Текст книги "Черная ряса"
Автор книги: Уильям Уилки Коллинз
Жанры:
Классические детективы
,сообщить о нарушении
Текущая страница: 15 (всего у книги 22 страниц)
III
ВИНТЕРФИЛЬД ВОЗВРАЩАЕТСЯ
Отец Бенвель дважды заходил в гостиницу Дервейна и дважды получал ответ, что там ничего не знают о Винтерфильде. На третий раз его настойчивость была вознаграждена. От мистера Винтерфильда пришло письмо, в котором он сообщал, что приедет с пятичасовым поездом.
Было половина четвертого. Отец Бенвель решил дождаться возвращения своего друга.
Он нервничал и, казалось, так спешил передать бумаги, вверенные ему содержателем приюта, что и мысли не возникало, будто отец Бенвель мог распечатать пакет, просмотреть бумаги, а затем прибегнуть к подделке печати, чтобы скрыть нарушение.
Вновь запечатанный пакет хранился в кармане его длинной черной рясы. Его последующие поступки зависели в некоторой степени от того, как поступит Винтерфильд, прочтя исповедь несчастной женщины, бывшей некогда его женой.
Покажет ли он письмо Стелле, увидевшись с ней тайно, чтобы доказать, что она жестоко оскорбила его? И желательно ли – если только представится возможность – все так подстроить, чтобы Ромейн мог невидимо присутствовать при этом свидании и сам узнать всю правду? В другом же случае – если Винтерфильд не захочет сообщать Стелле исповедь – патеру самому придется взять это на себя и сделать необходимые сообщения.
Размышляя таким образом, отец Бенвель медленно ходил взад и вперед по комнате, глядя по сторонам своими спокойно-наблюдательными глазами. Столик в углу был завален письмами, ожидавшими возвращения Винтерфильда. Всегда готовый собрать какие бы то ни было справки, он взглянул на адреса на конвертах.
Почерки, как всегда, были весьма различные. Но на всех письмах, за исключением трех, были городские марки. На двух других, адресованных в клуб Винтерфильда, были иностранные марки, а одно, как показывал приписанный адрес, было переслано в гостиницу из Бопарк-Гауза.
Это последнее письмо особенно привлекло внимание патера.
Адрес, по-видимому, был написан женской рукой и было замечательно то, что писавшая его была, по-видимому, единственной, которой не был известен адрес его гостиницы и клуба. Кто бы это мог быть? Пытливый ум отца Бенвеля принялся строить догадки даже по такому ничтожному поводу. Он вовсе и не предполагал, что письмо могло касаться его. В конверте же лежало письмо Стеллы, советовавшей не доверяться именно ему.

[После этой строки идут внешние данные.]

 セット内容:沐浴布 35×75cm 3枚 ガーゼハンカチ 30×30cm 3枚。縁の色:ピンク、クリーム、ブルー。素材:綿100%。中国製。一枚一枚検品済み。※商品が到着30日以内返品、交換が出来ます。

Было около половины шестого, когда на лестнице раздались быстрые шаги. Винтерфильд вошел в комнату.
– Вот это любезно! – воскликнул он. – Я думал, что вернусь в худшее из уединений – уединение гостиницы. Ведь вы отобедаете со мной? Да? Вы, вероятно, думали, что я навеки поселился в Париже? Знаете, что меня так надолго задержало там? Самый прелестнейший из театров – комическая опера. Как я люблю эту школу музыки – певучие, грациозные мелодии композиторов, последователей Моцарта. Только в Париже можно вполне насладиться этой музыкой. Поверите ли вы, я целую неделю прождал только для того, чтобы во второй раз слышать Николо в роли Уоконде. Я был почти единственным молодым человеком в партере. Вокруг меня сидели старики, помнившие первое представление оперы. Они своими морщинистыми руками выбивали такт мелодий, с которыми связывалось воспоминание о самом счастливом времени их жизни… Что это такое? Это моя собака! Я был вынужден оставить ее здесь, и она знает, что я вернулся.

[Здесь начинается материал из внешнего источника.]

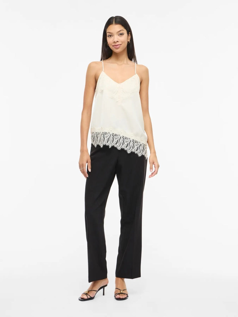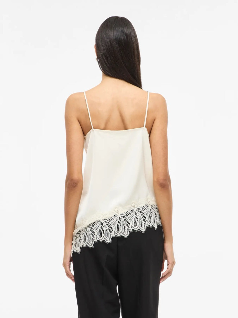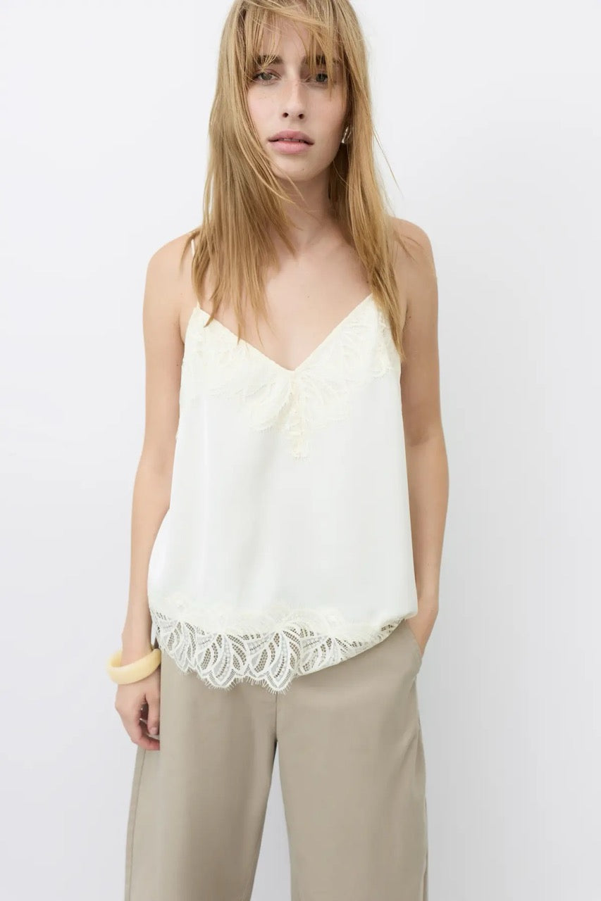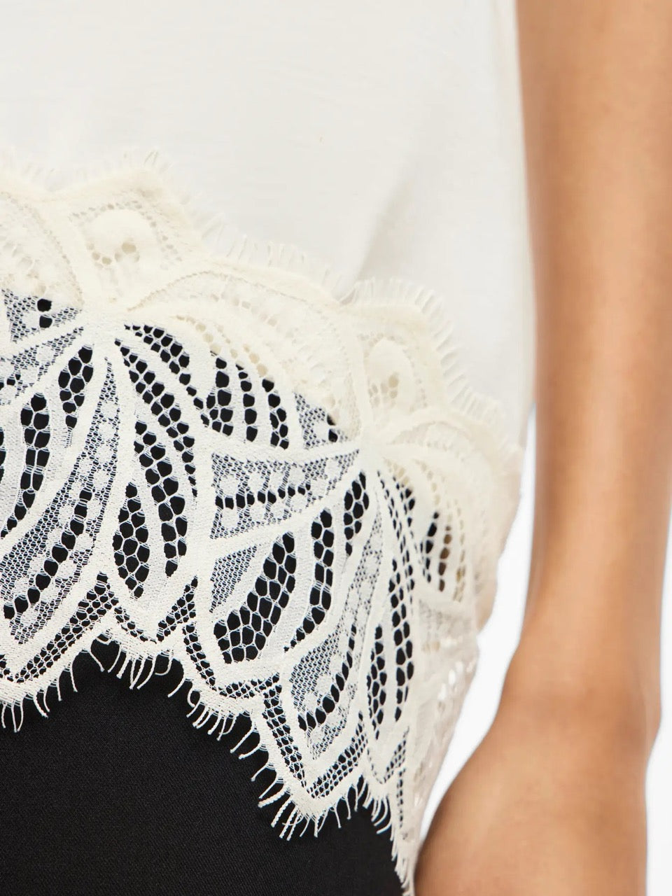 Asymmetrisk linneblus med spetsdetaljer på fållen

Он подбежал к двери и крикнул вниз, чтобы впустили собаку, которая тотчас же вбежала в комнату и бросилась в распростертые объятия хозяина. Винтерфильд отвечал на ее ласки и целовали ее с такой нежностью, с какой женщина могла бы целовать своего любимца.
– Ах, ты, милый мой! Стыдно было оставлять тебя здесь.., ну, впредь не буду! Отец Бенвель, много ли друзей найдется у вас, которые радуются свиданию с вами так, как этот? У меня нет ни одного. И есть дураки, которые считают собаку существом низшим, чем мы сами! Что бы я ни делал, это животное всегда останется верным мне. Я мог бы стать презренным человеком в глазах всех прочих людей, но моя собака точно так же, как прежде, любила бы меня. Посмотрите и на ее физические качества. Например, что за безобразие – не скажу ваше, скажу – мое ухо: съеженное, морщинистое, голое. Посмотрите на прекрасные шелковистые покровы ее ушей! Разве могут наше обоняние и наш слух сравниться с ее слухом и ее чутьем? Мы гордимся нашим разумом. Удалось бы нам найти дорогу домой, если б нас увезли в закрытой корзине? Если б нам обоим пришлось бежать поспешно с лестницы, кто скорее может сломать себе шею – я на своих двух ногах или она на четырех? Кто тот счастливый смертный, которому, ложась в постель, не приходится расстегивать несчастных пуговиц, а вставая, снова не застегивать их? Вот она сидит у меня на коленях. Она очень хорошо знает, что я говорю о ней, и слишком любит меня для того, чтобы сказать: «Какой дурак мой барин!»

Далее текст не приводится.